Earlier we took a look at how sales and trading get paid. Now we’ll take a closer look at how these incentives can be misaligned.
To recap: Jack the salesperson gets sales credits for getting clients to do more trades with the bank. Jane the trader gets paid to manage the risk from client trades.
When we’re deciding how much to pay Jack the salesperson at the end of the year, we’ll just tally up all the sales credits that Jack has accrued from the his clients’ trades. To pay Jane the trader, we’ll look at the value of her trading book. Hopefully, that value has increased, courtesy of Jane’s good work. Seems simple, right? Jack wants more sales credits and Jane wants positive PNL in her book.
The problem here is that not all risk is made equal. There’s good risk, bad risk, red risk, blue risk, easy to make money risk, and easy to lose money risk. While the salesperson may not care about the kind of risk, the trader cares a lot because that’s how she makes money. Ideally, the trader wants risk that she has a view on, i.e. a belief that the value of the risk will move in certain direction. Disbarring a view, the trader wants risk that will flatten out her position by offsetting against existing risk.
Ideally, Jack’s clients knock on the door with a mixed bag of risk. One client’s risk will offset against another client’s risk, resulting in that sweet, sweet two-way flow. Whatever risk that doesn’t net out, Jane will either risk warehouse or use street liquidity to neutralize. The problem arises when Jack’s clients all have the same flavor of risk. This may happen because of fundamental supply/demand imbalances for certain types of risk – for example, the producer vs consumer imbalance for long dated natural gas. Alternatively, this may also happen because Jack is only friends with clients that give certain types of risk. Jane the trader can’t properly risk manage all this one-sided risk so she ends up: 1) quoting really bad prices, 2) risk warehousing more risk than she is comfortable with, or 3) paying someone on the street to offload this risk.
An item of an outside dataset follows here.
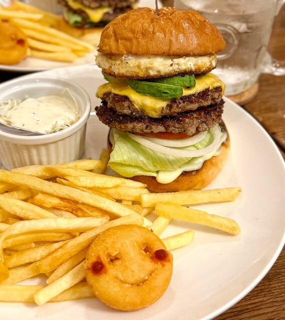 路地裏にひっそりと店を構える大宮初のハンバーガー専門店!安心の手ごね冷凍いっさいなしの国産牛100%パティ(肉)を使用しています!バンズはバターロール生地のほんのりと甘めなふかふかで中はサクッとした食感の仕上がり!店内は南国感を漂わせるゆったりとした空間でゆる〜い時間をお過ごしくださいませ! |
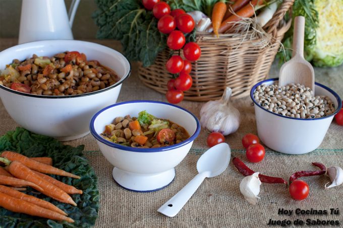 Las legumbres no sólo son ricas por su valor nutricional y por los beneficios que aportan a la salud, también hay una gran riqueza en cuanto a variedad, incluso hablando de una legumbre en particular. Seguro que conocéis distintos tipos de judías o alubias, y es muy probable que conozcáis las que Ana y Blanca utilizan en la nueva receta que comparten en la sección Hoy Cocinas Tú, son las judías de careta o carillas, de tamaño pequeño, color crema claro y con un punto negro en su zona central. Las autoras del blog Juego de Sabores nos invitan a prepara su Potaje de judías de careta o fréjoles (término que también define a las alubias).

Jack’s goal is to get his clients to do more business. Meanwhile, Jane is screaming bloody murder because she can’t properly risk manage it all. Jack is getting pissed because his trader either refuses to trade with his clients or better yet, keeps on quoting his clients laughably unfavorable prices. Jack can’t get paid unless his clients do business with Jane, but Jane can’t get paid if she does business with Jack’s clients. Jane wants Jack to go out and find more clients with good risk. Jack, choosing to optimize for his bonus, gets more bang for his buck by spending time developing his current clients than he does trying to find new clients.
Ideally, Jack would be incentivized to find clients that bring on good risk. Here, we get into the murky waters of compensation. How much is good risk worth relative to bad risk? Is this a symptom of Jane’s risk management strategy? How does this translate into sales credits for Jack? Should Jane be willing to compensate Jack directly for finding good risk? If there’s tons of good risk to be found, how quickly does it experience diminishing value?
These are all hard questions that help us to evaluate the performance of our securities sales and trading business. There’s a confluence of factors here with poorly understood knock-on effects. Fundamentally, the question becomes: “how can we tweak the compensation structure to cause material change in the sales and trading business?”